**Description of the task**
In the listing below, a line holding "Беларусь 2010. Птица" and a line holding "no vaso sanitário." mark the range. Retype both exactly, with all lines between them.

**Data provided**
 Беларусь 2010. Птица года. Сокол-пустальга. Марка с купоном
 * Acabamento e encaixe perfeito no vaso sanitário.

--

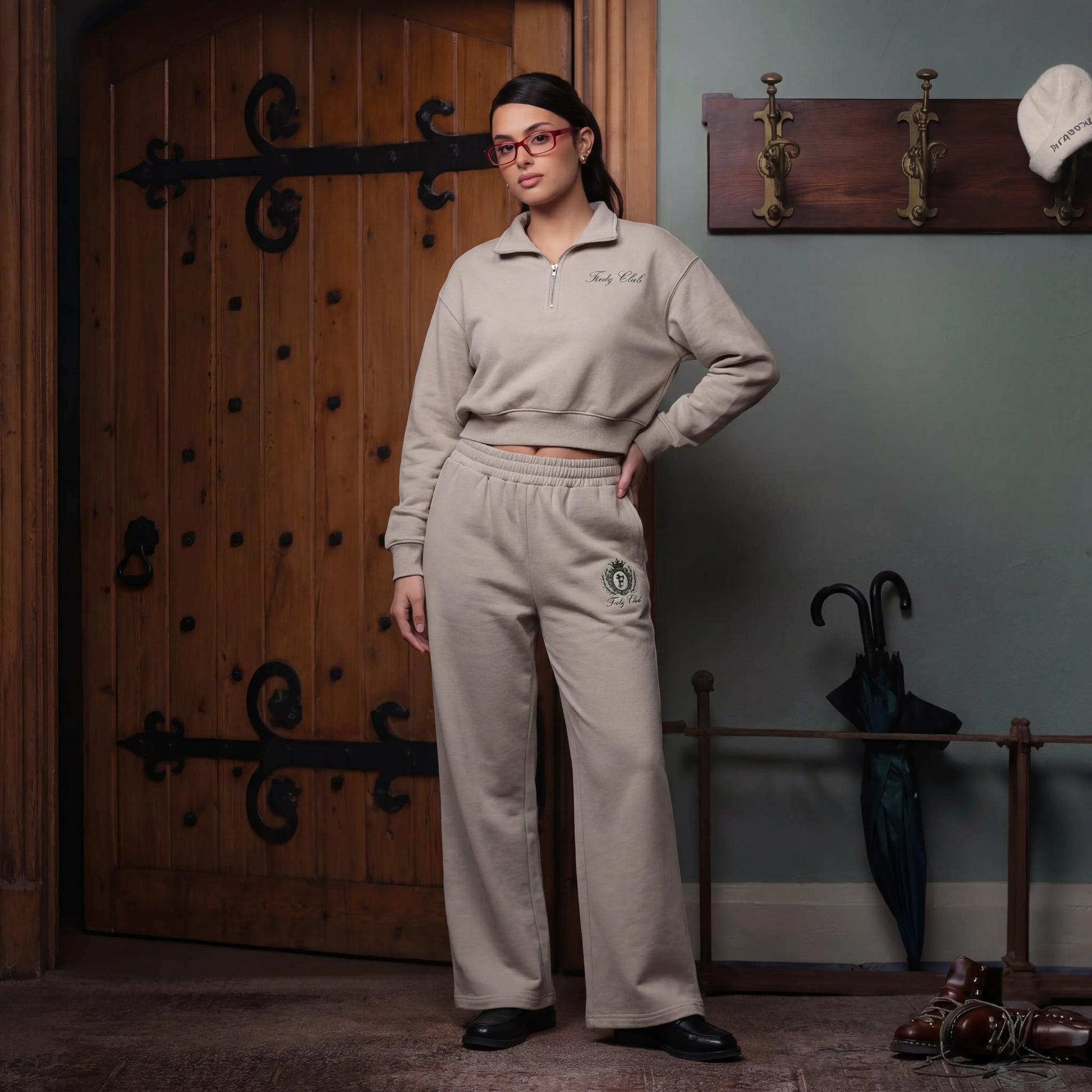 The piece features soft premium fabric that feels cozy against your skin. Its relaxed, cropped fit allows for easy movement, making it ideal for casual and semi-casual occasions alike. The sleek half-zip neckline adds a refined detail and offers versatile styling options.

* * *

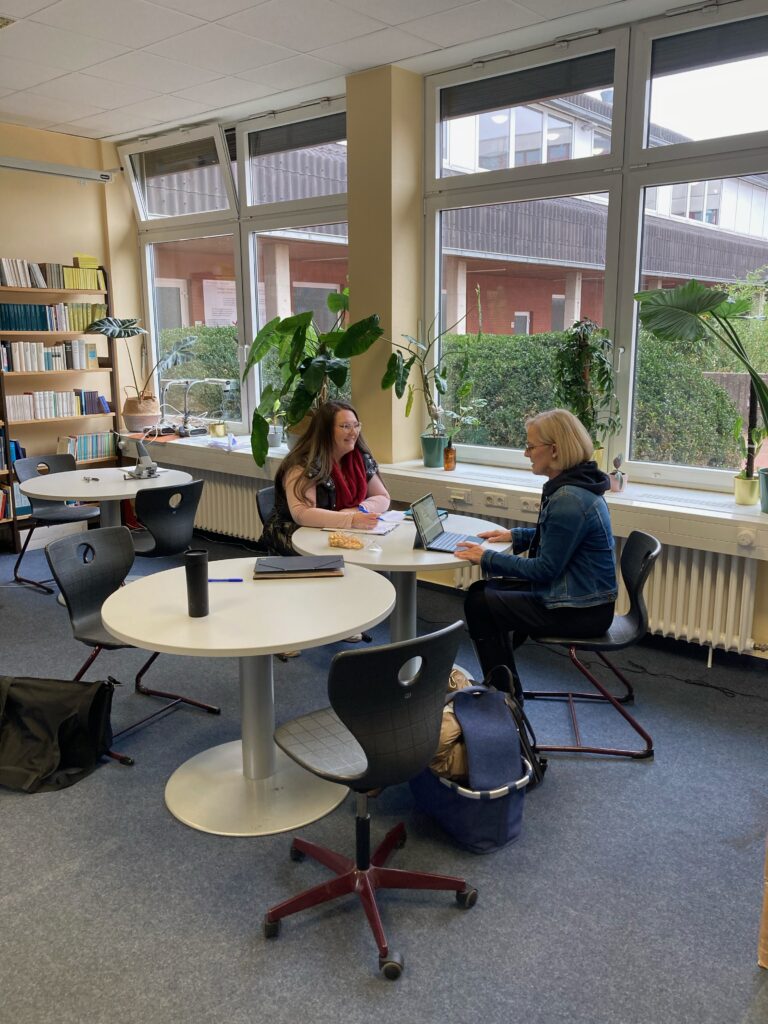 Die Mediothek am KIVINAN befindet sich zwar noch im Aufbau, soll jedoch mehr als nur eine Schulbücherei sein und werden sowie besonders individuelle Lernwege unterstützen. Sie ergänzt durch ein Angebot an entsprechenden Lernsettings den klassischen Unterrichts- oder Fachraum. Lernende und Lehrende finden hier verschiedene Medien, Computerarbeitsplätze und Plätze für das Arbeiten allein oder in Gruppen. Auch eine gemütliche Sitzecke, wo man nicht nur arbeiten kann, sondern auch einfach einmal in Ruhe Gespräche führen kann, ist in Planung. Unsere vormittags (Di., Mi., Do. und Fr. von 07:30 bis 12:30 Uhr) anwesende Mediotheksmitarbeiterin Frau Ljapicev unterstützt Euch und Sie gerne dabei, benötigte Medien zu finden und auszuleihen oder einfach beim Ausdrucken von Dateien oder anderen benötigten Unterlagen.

**Output**
 Беларусь 2010. Птица года. Сокол-пустальга. Марка с купоном
 * Acabamento e encaixe perfeito no vaso sanitário.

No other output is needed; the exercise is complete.